PROVIDED DATA ->
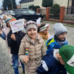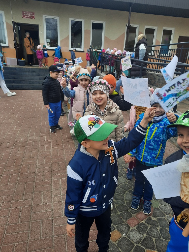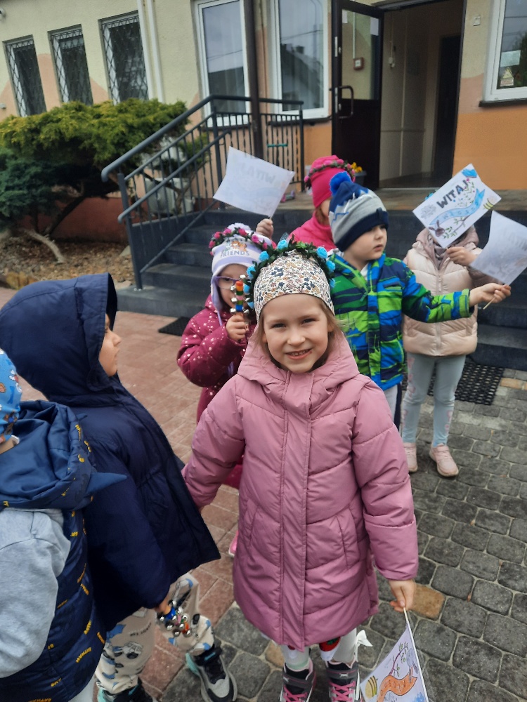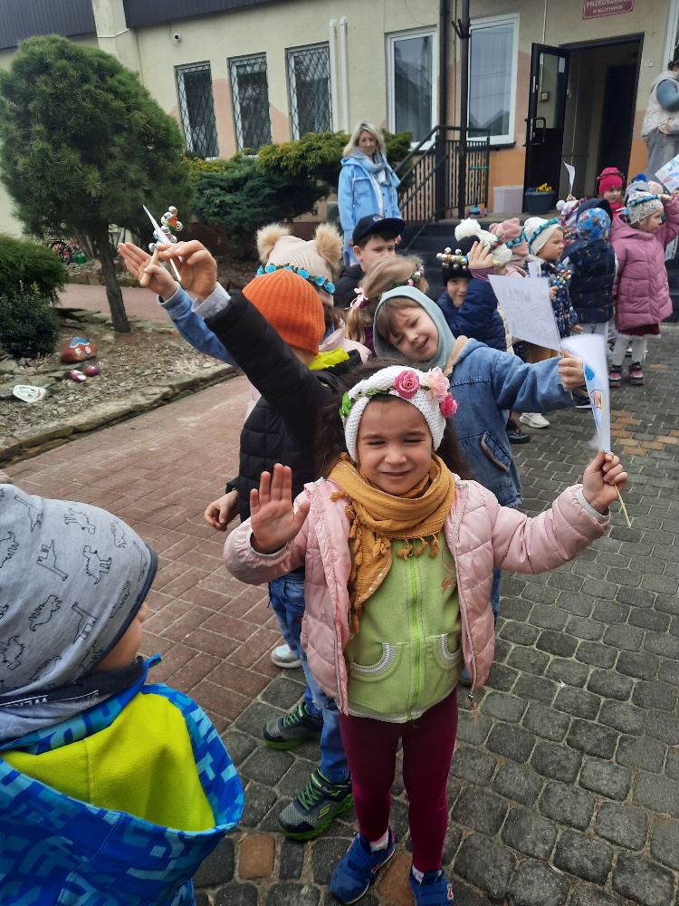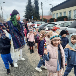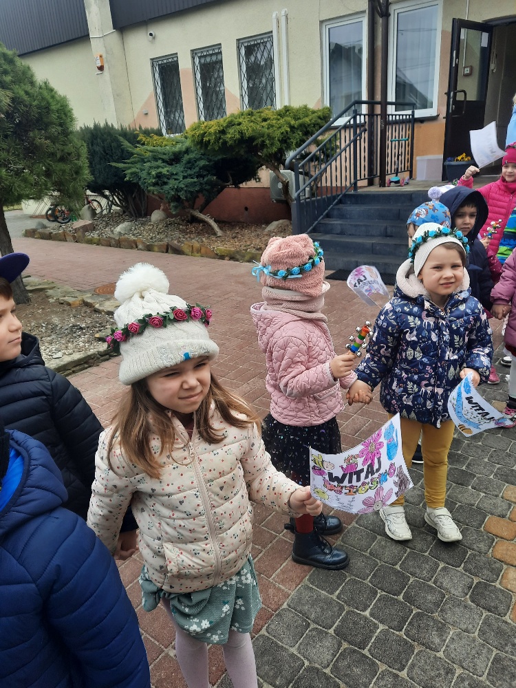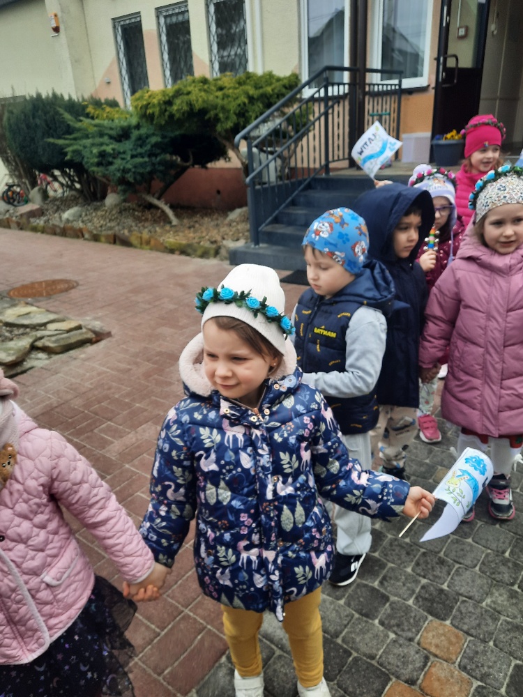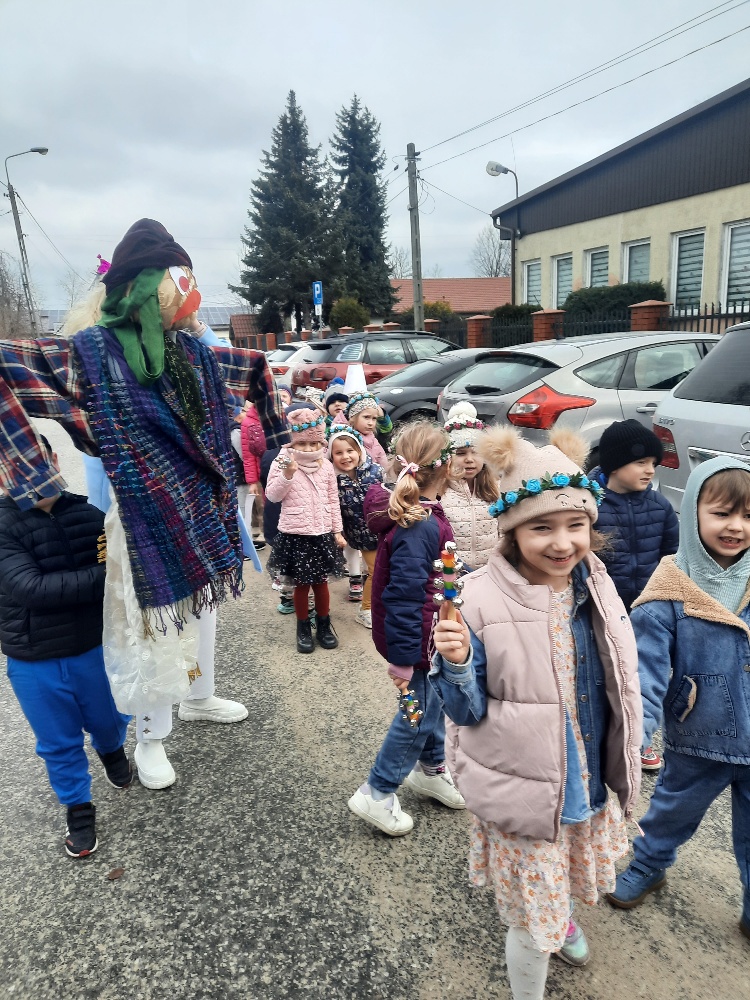 20 marca obchodziliśmy pierwszy dzień astronomicznej wiosny. Jest to bardzo radosne święto. Tego dnia żegnamy zimę i witamy nową porę roku WIOSNĘ. Mądre Sowy już z samego rana z pomocą dorosłych przygotowały zimową kukłę – symbol odchodzącej zimy. Po śniadaniu dziewczynki wystrojone w wianuszki z kolorowych kwiatów, a chłopcy w czapki żabek wzięły udział w wiosennych zabawach. Wysłuchały opowieści o starym zwyczaju topienia kukły – Marzanny. Po zabawach, zagadkach, pracy plastycznej i tańcach przy wiosennych utworach najbardziej oczekiwaną częścią dnia był korowód wokół przedszkola, podczas którego mogliśmy pożegnać zimę wykrzykując hasła: Precz zimo zła. Przedszkolaki z okrzykami radości maszerowały w wiosennym korowodzie z chorągiewkami i instrumentami muzycznymi w towarzystwie Marzanny. W barwnym pochodzie, wróciliśmy na teren przedszkola z nadzieją, że upragniona wiosna na dobre pozostanie z nami. A nasze Marzanny pozostały w ogrodzie i wierzymy w to, że w poniedziałek już ich nie będzie.
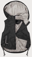Krótka kamizelka damska z kapturem j.style ciemny beż-czarny (16M9112-84)
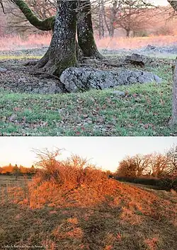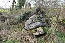 - ↑ Le caractère mégalithique de cette pierre est douteux : la pierre est de petite taille et le bassin en surface est de forme trop régulière.
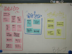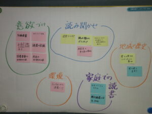21日(金)に、第3回いざわCS協議会が行われました。今回は参加した委員さんを2つのグループに分け、「子どもたちを読書好きにするために、学校・家庭・地域でできること」について協議を行いました。話し合ったことをそれぞれ模造紙にまとめ、交流しました。
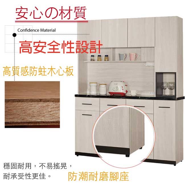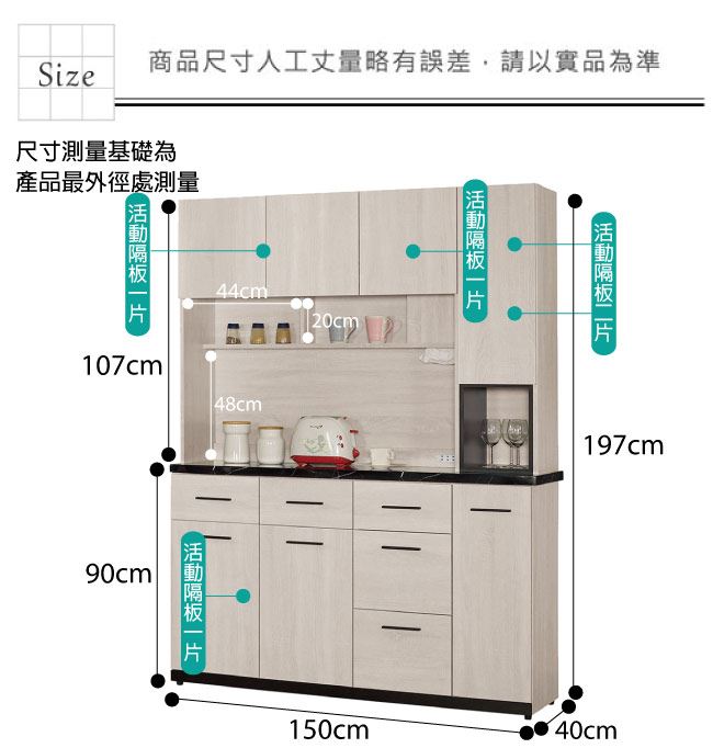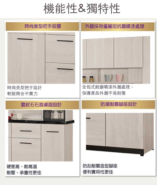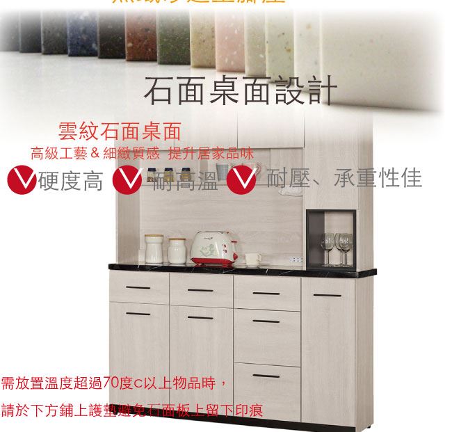 材質 | ◆產品名稱: 【綠家居】艾藍 時尚5尺雲紋石面餐櫃/收納櫃組合 尺寸:(寬)150x(深)40x(高)197/公分 ◆材質: 材質:防蛀木心板+防潮耐磨腳座+防夾手緩衝門片五金+五金滑軌結構+8mm雲紋石面桌面板 噴漆:防潮耐磨噴漆處理

TASK DETAILS ->
Print all entries exactly, without images.

SOLUTION TO THE EXERCISE ->
 20 marca obchodziliśmy pierwszy dzień astronomicznej wiosny. Jest to bardzo radosne święto. Tego dnia żegnamy zimę i witamy nową porę roku WIOSNĘ. Mądre Sowy już z samego rana z pomocą dorosłych przygotowały zimową kukłę – symbol odchodzącej zimy. Po śniadaniu dziewczynki wystrojone w wianuszki z kolorowych kwiatów, a chłopcy w czapki żabek wzięły udział w wiosennych zabawach. Wysłuchały opowieści o starym zwyczaju topienia kukły – Marzanny. Po zabawach, zagadkach, pracy plastycznej i tańcach przy wiosennych utworach najbardziej oczekiwaną częścią dnia był korowód wokół przedszkola, podczas którego mogliśmy pożegnać zimę wykrzykując hasła: Precz zimo zła. Przedszkolaki z okrzykami radości maszerowały w wiosennym korowodzie z chorągiewkami i instrumentami muzycznymi w towarzystwie Marzanny. W barwnym pochodzie, wróciliśmy na teren przedszkola z nadzieją, że upragniona wiosna na dobre pozostanie z nami. A nasze Marzanny pozostały w ogrodzie i wierzymy w to, że w poniedziałek już ich nie będzie.
Krótka kamizelka damska z kapturem j.style ciemny beż-czarny (16M9112-84)
 - ↑ Le caractère mégalithique de cette pierre est douteux : la pierre est de petite taille et le bassin en surface est de forme trop régulière.
21日(金)に、第3回いざわCS協議会が行われました。今回は参加した委員さんを2つのグループに分け、「子どもたちを読書好きにするために、学校・家庭・地域でできること」について協議を行いました。話し合ったことをそれぞれ模造紙にまとめ、交流しました。
 材質 | ◆產品名稱: 【綠家居】艾藍 時尚5尺雲紋石面餐櫃/收納櫃組合 尺寸:(寬)150x(深)40x(高)197/公分 ◆材質: 材質:防蛀木心板+防潮耐磨腳座+防夾手緩衝門片五金+五金滑軌結構+8mm雲紋石面桌面板 噴漆:防潮耐磨噴漆處理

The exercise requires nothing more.